• Task brief: Repeat each record below exactly as it is written.

Items listed in a dataset:
****************

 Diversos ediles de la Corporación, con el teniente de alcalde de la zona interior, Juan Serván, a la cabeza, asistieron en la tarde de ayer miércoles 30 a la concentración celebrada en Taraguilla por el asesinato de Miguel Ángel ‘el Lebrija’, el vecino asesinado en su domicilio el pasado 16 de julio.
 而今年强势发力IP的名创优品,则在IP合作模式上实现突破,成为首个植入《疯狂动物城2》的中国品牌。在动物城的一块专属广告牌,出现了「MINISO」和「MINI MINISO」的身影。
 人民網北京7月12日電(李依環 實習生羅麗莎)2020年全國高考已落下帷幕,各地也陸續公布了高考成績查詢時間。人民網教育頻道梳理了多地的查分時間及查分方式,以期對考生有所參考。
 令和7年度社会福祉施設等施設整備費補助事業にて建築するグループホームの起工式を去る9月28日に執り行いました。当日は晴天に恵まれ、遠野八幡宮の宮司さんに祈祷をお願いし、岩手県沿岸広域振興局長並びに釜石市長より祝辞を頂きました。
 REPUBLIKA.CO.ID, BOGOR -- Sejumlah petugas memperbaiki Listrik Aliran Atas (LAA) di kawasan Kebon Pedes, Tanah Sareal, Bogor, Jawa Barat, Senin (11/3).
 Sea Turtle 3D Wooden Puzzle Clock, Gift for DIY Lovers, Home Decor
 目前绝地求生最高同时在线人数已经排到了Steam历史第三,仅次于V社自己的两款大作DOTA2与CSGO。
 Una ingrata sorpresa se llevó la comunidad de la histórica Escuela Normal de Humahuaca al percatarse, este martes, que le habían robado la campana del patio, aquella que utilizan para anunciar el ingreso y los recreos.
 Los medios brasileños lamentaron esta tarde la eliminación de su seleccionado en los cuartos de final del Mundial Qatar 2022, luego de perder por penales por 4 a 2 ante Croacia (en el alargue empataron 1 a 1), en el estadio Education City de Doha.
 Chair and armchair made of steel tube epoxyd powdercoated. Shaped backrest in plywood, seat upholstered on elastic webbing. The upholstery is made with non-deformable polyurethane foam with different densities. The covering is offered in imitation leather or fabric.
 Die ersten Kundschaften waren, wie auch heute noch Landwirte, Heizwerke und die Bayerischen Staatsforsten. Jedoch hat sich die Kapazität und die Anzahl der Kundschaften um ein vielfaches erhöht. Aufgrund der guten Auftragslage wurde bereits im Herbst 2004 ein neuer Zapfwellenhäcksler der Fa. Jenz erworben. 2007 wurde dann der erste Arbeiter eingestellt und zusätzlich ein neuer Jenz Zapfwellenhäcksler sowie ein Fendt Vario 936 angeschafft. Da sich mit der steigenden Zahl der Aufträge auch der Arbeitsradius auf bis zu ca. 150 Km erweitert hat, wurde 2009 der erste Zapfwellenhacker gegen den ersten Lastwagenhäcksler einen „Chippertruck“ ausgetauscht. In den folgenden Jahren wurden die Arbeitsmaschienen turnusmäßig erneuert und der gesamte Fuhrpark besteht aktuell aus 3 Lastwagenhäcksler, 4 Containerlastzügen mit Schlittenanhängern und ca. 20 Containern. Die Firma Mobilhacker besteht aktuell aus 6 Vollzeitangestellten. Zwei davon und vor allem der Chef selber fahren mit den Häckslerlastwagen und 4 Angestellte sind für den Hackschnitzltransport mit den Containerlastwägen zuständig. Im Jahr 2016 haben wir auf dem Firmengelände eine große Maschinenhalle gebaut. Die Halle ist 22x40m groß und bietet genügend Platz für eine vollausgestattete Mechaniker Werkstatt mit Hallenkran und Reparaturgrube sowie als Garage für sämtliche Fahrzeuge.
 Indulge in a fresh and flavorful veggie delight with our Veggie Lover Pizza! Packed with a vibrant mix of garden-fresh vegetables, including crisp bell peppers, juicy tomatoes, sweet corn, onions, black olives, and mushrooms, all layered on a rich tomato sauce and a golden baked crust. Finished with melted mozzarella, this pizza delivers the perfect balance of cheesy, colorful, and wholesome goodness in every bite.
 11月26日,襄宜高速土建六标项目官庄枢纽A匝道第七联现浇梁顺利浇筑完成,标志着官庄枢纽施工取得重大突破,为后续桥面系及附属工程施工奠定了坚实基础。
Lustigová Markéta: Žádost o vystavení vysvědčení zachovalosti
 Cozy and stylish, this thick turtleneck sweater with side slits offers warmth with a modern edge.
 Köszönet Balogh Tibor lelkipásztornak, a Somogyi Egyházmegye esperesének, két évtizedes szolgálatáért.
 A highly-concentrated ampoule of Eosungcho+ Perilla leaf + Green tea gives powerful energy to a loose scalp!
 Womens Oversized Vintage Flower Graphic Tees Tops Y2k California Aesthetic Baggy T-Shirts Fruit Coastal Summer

****************

• Result:
 Diversos ediles de la Corporación, con el teniente de alcalde de la zona interior, Juan Serván, a la cabeza, asistieron en la tarde de ayer miércoles 30 a la concentración celebrada en Taraguilla por el asesinato de Miguel Ángel ‘el Lebrija’, el vecino asesinado en su domicilio el pasado 16 de julio.
 而今年强势发力IP的名创优品,则在IP合作模式上实现突破,成为首个植入《疯狂动物城2》的中国品牌。在动物城的一块专属广告牌,出现了「MINISO」和「MINI MINISO」的身影。
 人民網北京7月12日電(李依環 實習生羅麗莎)2020年全國高考已落下帷幕,各地也陸續公布了高考成績查詢時間。人民網教育頻道梳理了多地的查分時間及查分方式,以期對考生有所參考。
 令和7年度社会福祉施設等施設整備費補助事業にて建築するグループホームの起工式を去る9月28日に執り行いました。当日は晴天に恵まれ、遠野八幡宮の宮司さんに祈祷をお願いし、岩手県沿岸広域振興局長並びに釜石市長より祝辞を頂きました。
 REPUBLIKA.CO.ID, BOGOR -- Sejumlah petugas memperbaiki Listrik Aliran Atas (LAA) di kawasan Kebon Pedes, Tanah Sareal, Bogor, Jawa Barat, Senin (11/3).
 Sea Turtle 3D Wooden Puzzle Clock, Gift for DIY Lovers, Home Decor
 目前绝地求生最高同时在线人数已经排到了Steam历史第三,仅次于V社自己的两款大作DOTA2与CSGO。
 Una ingrata sorpresa se llevó la comunidad de la histórica Escuela Normal de Humahuaca al percatarse, este martes, que le habían robado la campana del patio, aquella que utilizan para anunciar el ingreso y los recreos.
 Los medios brasileños lamentaron esta tarde la eliminación de su seleccionado en los cuartos de final del Mundial Qatar 2022, luego de perder por penales por 4 a 2 ante Croacia (en el alargue empataron 1 a 1), en el estadio Education City de Doha.
 Chair and armchair made of steel tube epoxyd powdercoated. Shaped backrest in plywood, seat upholstered on elastic webbing. The upholstery is made with non-deformable polyurethane foam with different densities. The covering is offered in imitation leather or fabric.
 Die ersten Kundschaften waren, wie auch heute noch Landwirte, Heizwerke und die Bayerischen Staatsforsten. Jedoch hat sich die Kapazität und die Anzahl der Kundschaften um ein vielfaches erhöht. Aufgrund der guten Auftragslage wurde bereits im Herbst 2004 ein neuer Zapfwellenhäcksler der Fa. Jenz erworben. 2007 wurde dann der erste Arbeiter eingestellt und zusätzlich ein neuer Jenz Zapfwellenhäcksler sowie ein Fendt Vario 936 angeschafft. Da sich mit der steigenden Zahl der Aufträge auch der Arbeitsradius auf bis zu ca. 150 Km erweitert hat, wurde 2009 der erste Zapfwellenhacker gegen den ersten Lastwagenhäcksler einen „Chippertruck“ ausgetauscht. In den folgenden Jahren wurden die Arbeitsmaschienen turnusmäßig erneuert und der gesamte Fuhrpark besteht aktuell aus 3 Lastwagenhäcksler, 4 Containerlastzügen mit Schlittenanhängern und ca. 20 Containern. Die Firma Mobilhacker besteht aktuell aus 6 Vollzeitangestellten. Zwei davon und vor allem der Chef selber fahren mit den Häckslerlastwagen und 4 Angestellte sind für den Hackschnitzltransport mit den Containerlastwägen zuständig. Im Jahr 2016 haben wir auf dem Firmengelände eine große Maschinenhalle gebaut. Die Halle ist 22x40m groß und bietet genügend Platz für eine vollausgestattete Mechaniker Werkstatt mit Hallenkran und Reparaturgrube sowie als Garage für sämtliche Fahrzeuge.
 Indulge in a fresh and flavorful veggie delight with our Veggie Lover Pizza! Packed with a vibrant mix of garden-fresh vegetables, including crisp bell peppers, juicy tomatoes, sweet corn, onions, black olives, and mushrooms, all layered on a rich tomato sauce and a golden baked crust. Finished with melted mozzarella, this pizza delivers the perfect balance of cheesy, colorful, and wholesome goodness in every bite.
 11月26日,襄宜高速土建六标项目官庄枢纽A匝道第七联现浇梁顺利浇筑完成,标志着官庄枢纽施工取得重大突破,为后续桥面系及附属工程施工奠定了坚实基础。
Lustigová Markéta: Žádost o vystavení vysvědčení zachovalosti
 Cozy and stylish, this thick turtleneck sweater with side slits offers warmth with a modern edge.
 Köszönet Balogh Tibor lelkipásztornak, a Somogyi Egyházmegye esperesének, két évtizedes szolgálatáért.
 A highly-concentrated ampoule of Eosungcho+ Perilla leaf + Green tea gives powerful energy to a loose scalp!
 Womens Oversized Vintage Flower Graphic Tees Tops Y2k California Aesthetic Baggy T-Shirts Fruit Coastal Summer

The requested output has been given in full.